----- Source material -----

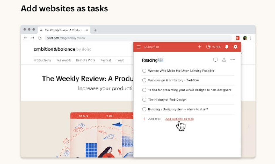 L'extension Chrome de Todoist vous permet de gérer vos tâches tout au long de la journée. C'est un service minimaliste avec un excellent design dans toutes les applications. Todoist crée la priorité des tâches, envoie les tâches par e-mail, les codes de couleur et gère la tâche avec des amis et attribue et délègue des tâches aux membres de l'équipe.
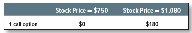 If Amazon’s stock price falls to $750, the call option will be worthless, but if the price rises to $1,080, the option will be worth $1,080 – 900 = $180. The possible payoffs to the option are therefore as follows:
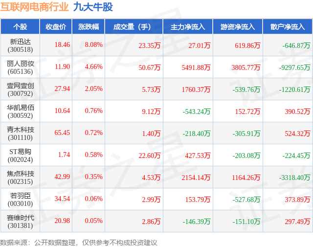 个股表现方面,互联网电商行业当日领涨股为新迅达(300518),该股当日报收18.46,上涨8.08%,成交量23.35万,主力资金净流入27.01万元。丽人丽妆(605136)以上涨4.66%紧随其后,该股当日成交量50.67万,主力资金净流入5491.88万元。除此之外,壹网壹创(300792)、华凯易佰(300592)、青木科技(301110)均进入当日牛股之列。具体个股列表见下表:
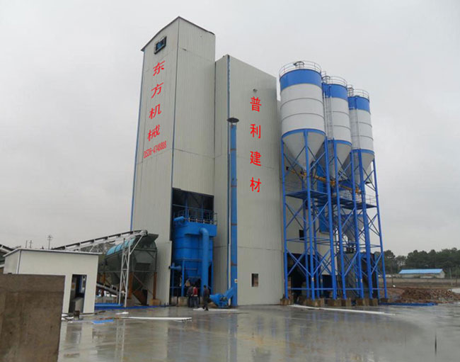 主要由提升輸送系統(tǒng)、計量配料系統(tǒng)、混合系統(tǒng)、儲料系統(tǒng)、包裝系統(tǒng)、除塵系統(tǒng)、控制系統(tǒng)、鋼架平臺等組成。
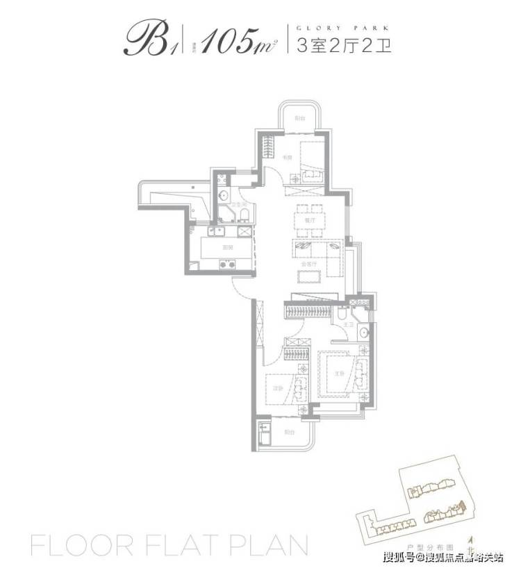 另外,一个优秀户型应该有的设计,包括入户玄关、3间卧室带飘窗、约270度采光面阳台、卫浴干湿分离...这个户型全部具备。
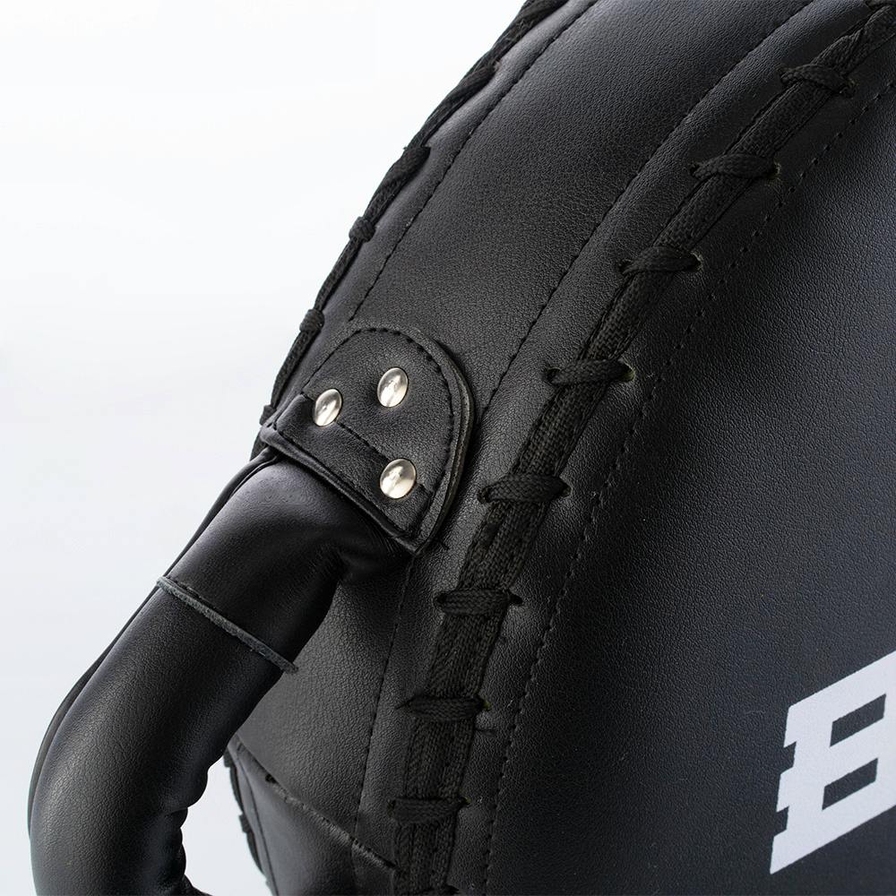 Designed for speed work, tight movements and accurate strikes, the Blitz Apex Circular Strike Shield is constructed to withstand the most powerful blows during countless training sessions. The two solid, conveniently placed, handles either side of the shield offers a secure hold whilst, allowing the holder to position themselves in a variety of tight angles. The perfect strike shield for a number of techniques and styles to be practiced, the circular target demands fast and precise punches or kicks from the striker. The high density foam core also provides the ultimate shock absorption, minimising the force felt by the holder. Easy to wipe clean before and after use. Nama Hide™ leather. Dimensions: 38cm high x 38cm wide x 8cm depth.
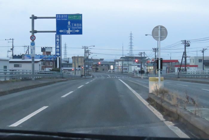 とん田通り、無加川橋を渡り錦町の南岸通り交差点交差点

-----

Requirement: All lines from the start of the entries through the one with "另外,一个优秀户型应该有的设" are to be output exactly; omit the pictures.

Reply to the task:
 L'extension Chrome de Todoist vous permet de gérer vos tâches tout au long de la journée. C'est un service minimaliste avec un excellent design dans toutes les applications. Todoist crée la priorité des tâches, envoie les tâches par e-mail, les codes de couleur et gère la tâche avec des amis et attribue et délègue des tâches aux membres de l'équipe.
 If Amazon’s stock price falls to $750, the call option will be worthless, but if the price rises to $1,080, the option will be worth $1,080 – 900 = $180. The possible payoffs to the option are therefore as follows:
 个股表现方面,互联网电商行业当日领涨股为新迅达(300518),该股当日报收18.46,上涨8.08%,成交量23.35万,主力资金净流入27.01万元。丽人丽妆(605136)以上涨4.66%紧随其后,该股当日成交量50.67万,主力资金净流入5491.88万元。除此之外,壹网壹创(300792)、华凯易佰(300592)、青木科技(301110)均进入当日牛股之列。具体个股列表见下表:
 主要由提升輸送系統(tǒng)、計量配料系統(tǒng)、混合系統(tǒng)、儲料系統(tǒng)、包裝系統(tǒng)、除塵系統(tǒng)、控制系統(tǒng)、鋼架平臺等組成。
 另外,一个优秀户型应该有的设计,包括入户玄关、3间卧室带飘窗、约270度采光面阳台、卫浴干湿分离...这个户型全部具备。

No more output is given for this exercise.